• [ASSIGNMENT] Leaving the pictures aside, write out the whole listing below exactly.

• [GIVEN DATA]

[Start of Attachment]

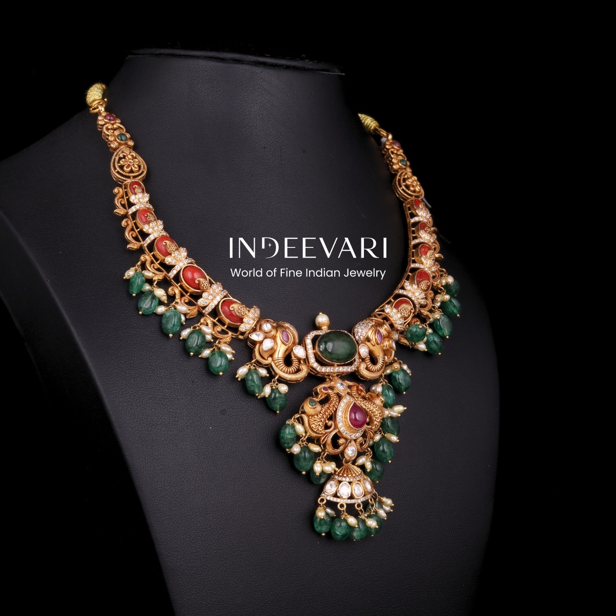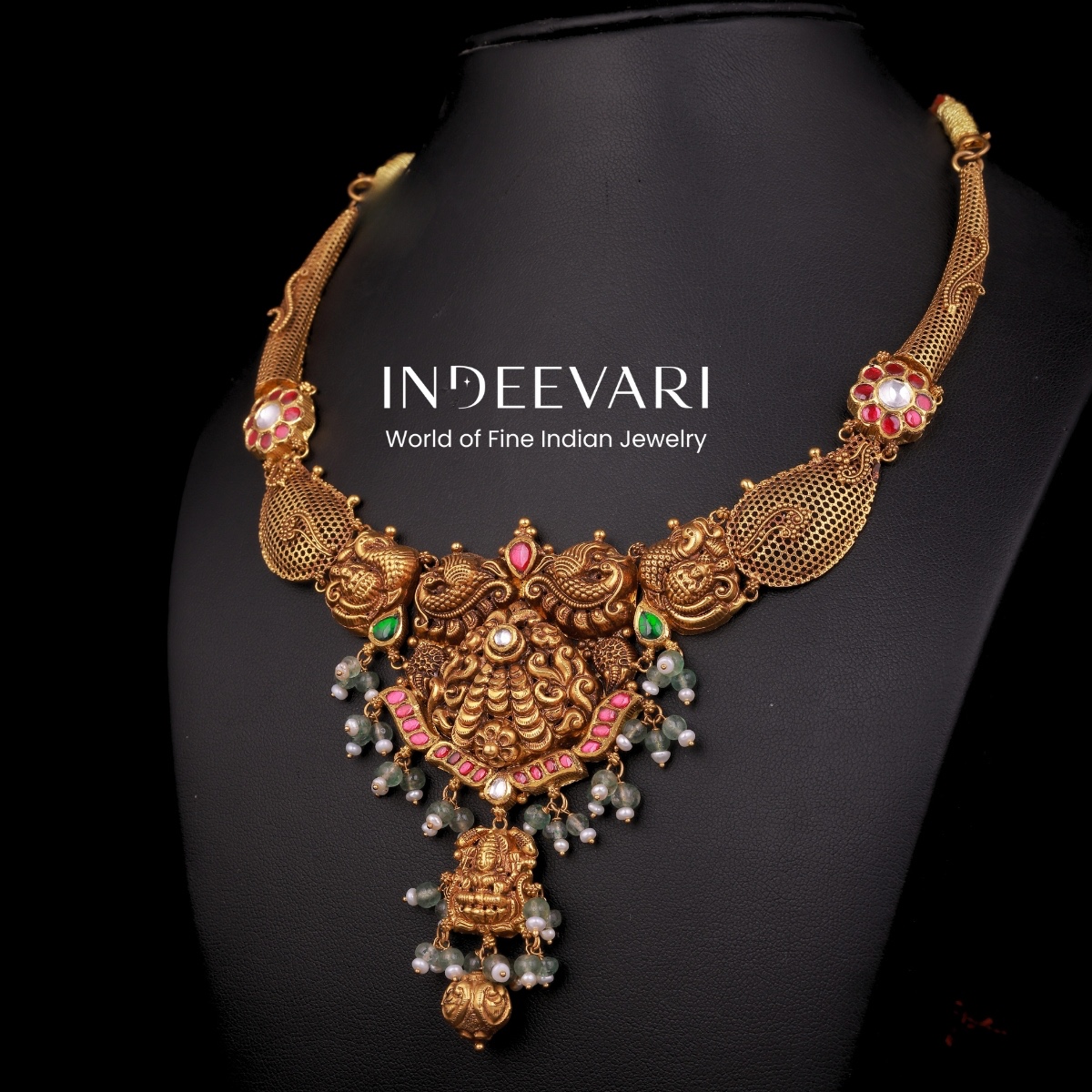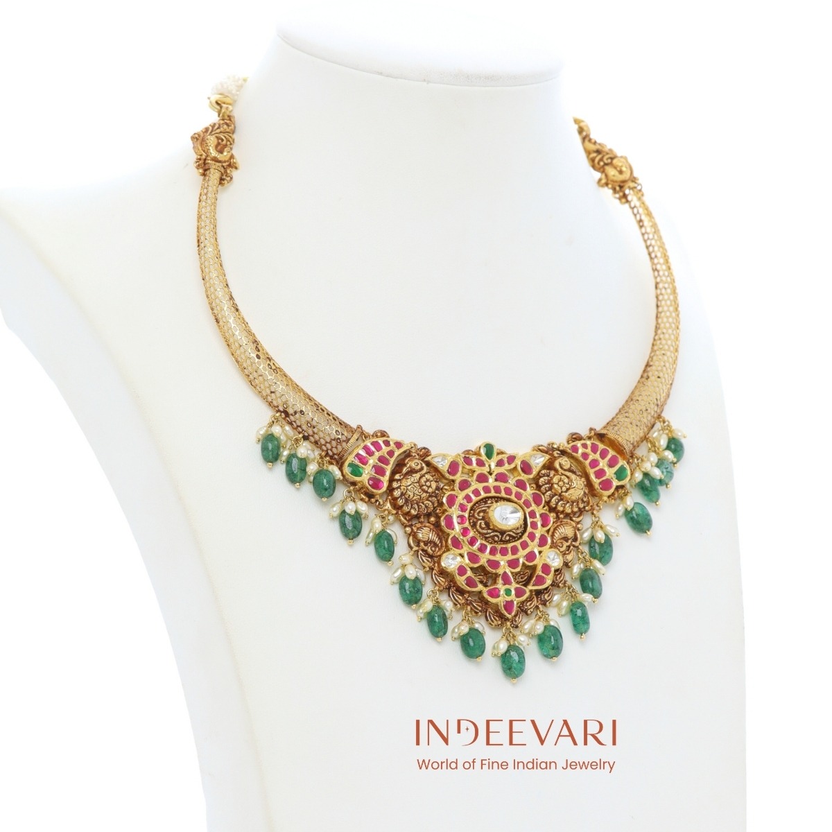 Lakshmi Temple Kanti with Kundan & Emerald Drops
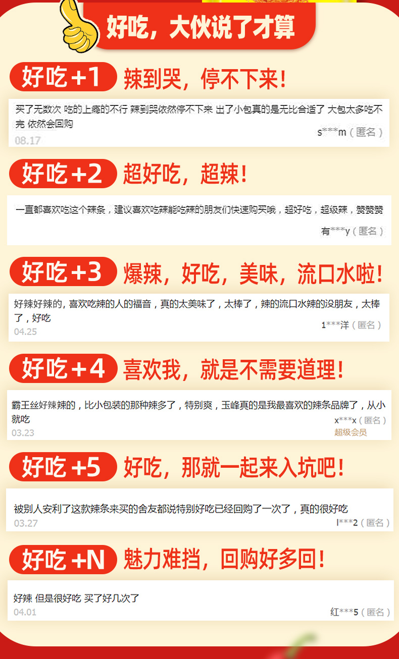 玉峰 霸王丝 爆辣味 辣条 18g/袋
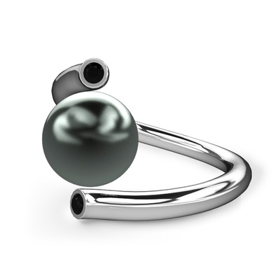 Siyah inci ve siyah zirkon 14 ayar beyaz altın yüzük
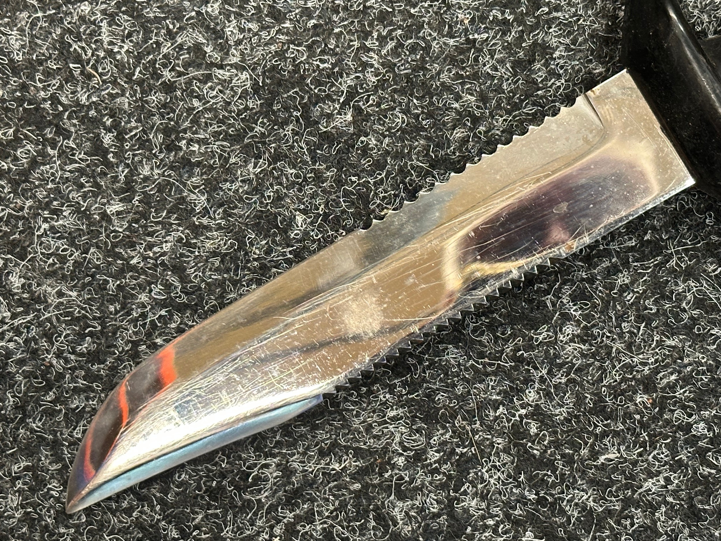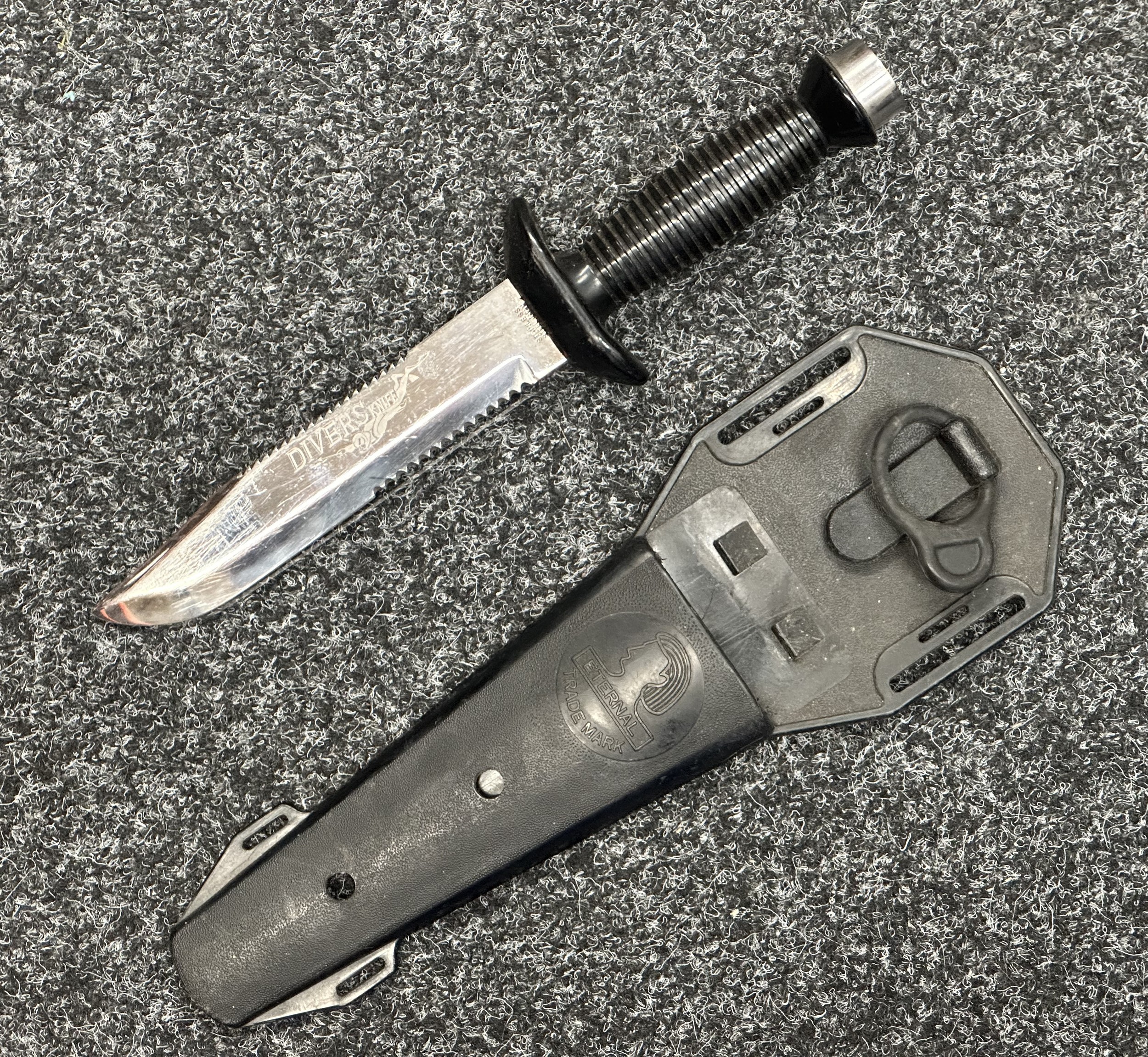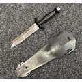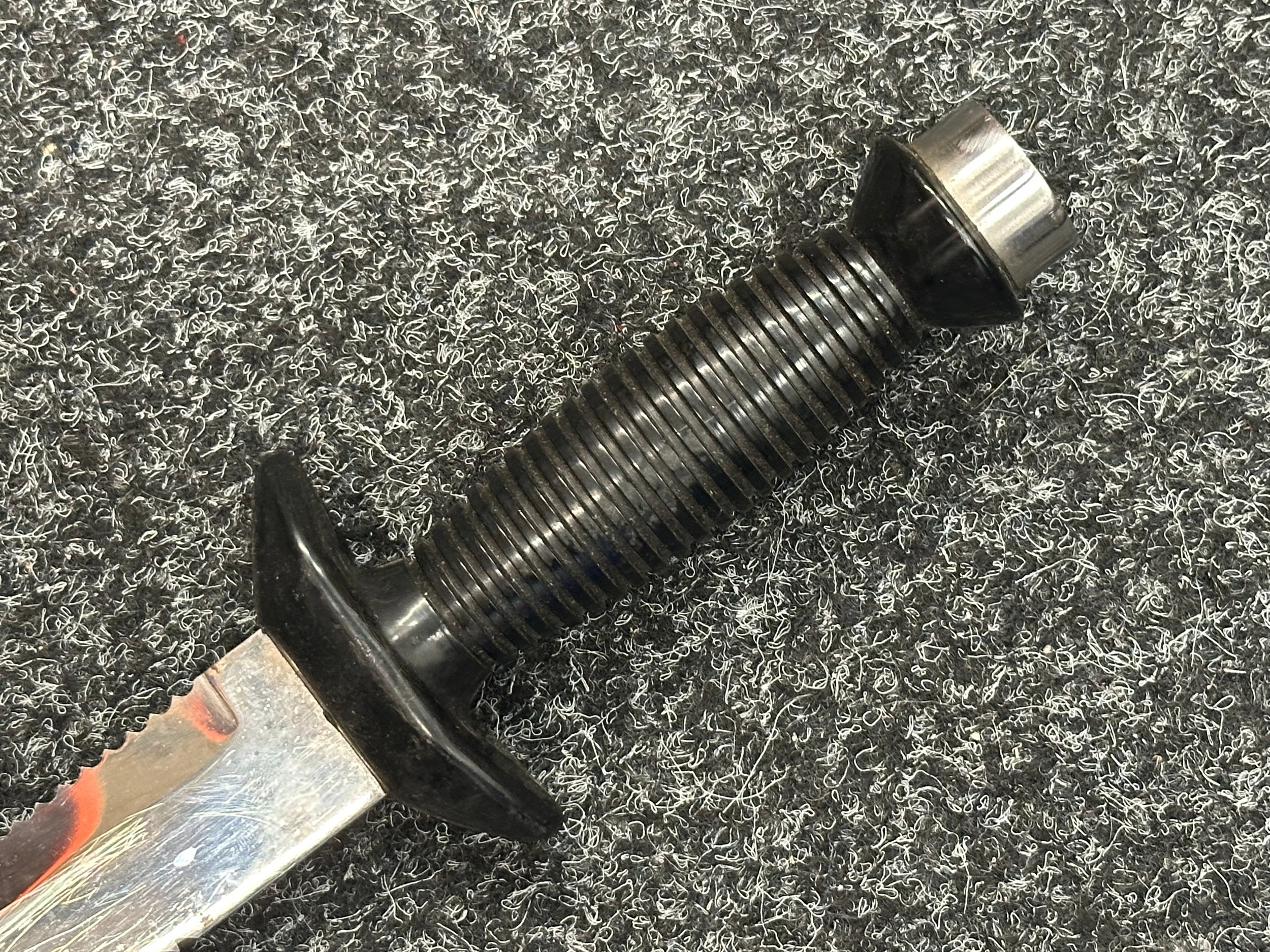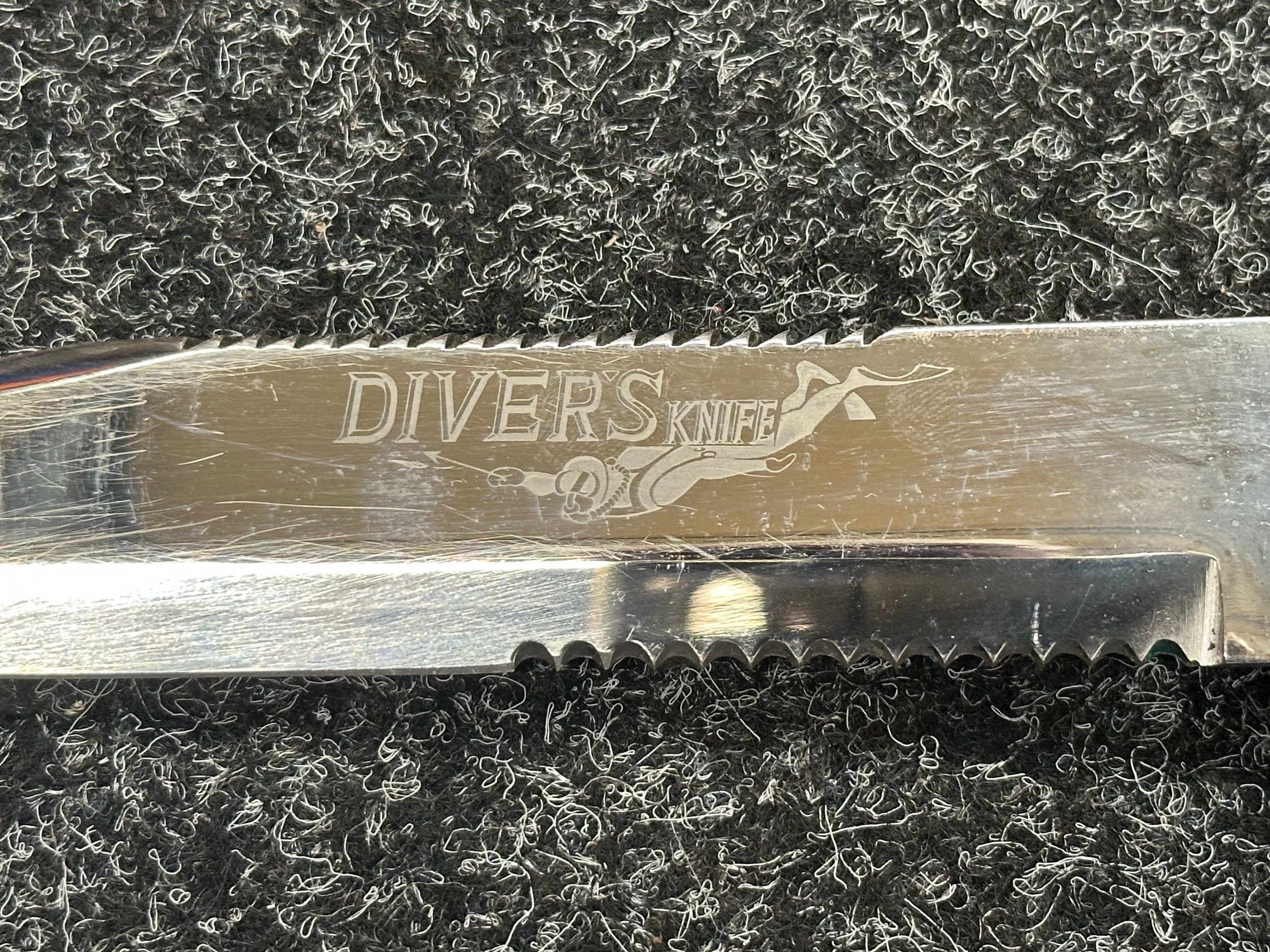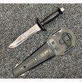 Divers Knife with Bowie Style Stainless Steel Blade 175mm in length. Moulded black plastic grip. Overall length 310mm. Japanese made. Complete with black plastic "Eternal" trademark scabbard.

[End of Attachment]

• [ANSWER SECTION]
 Lakshmi Temple Kanti with Kundan & Emerald Drops
 玉峰 霸王丝 爆辣味 辣条 18g/袋
 Siyah inci ve siyah zirkon 14 ayar beyaz altın yüzük
 Divers Knife with Bowie Style Stainless Steel Blade 175mm in length. Moulded black plastic grip. Overall length 310mm. Japanese made. Complete with black plastic "Eternal" trademark scabbard.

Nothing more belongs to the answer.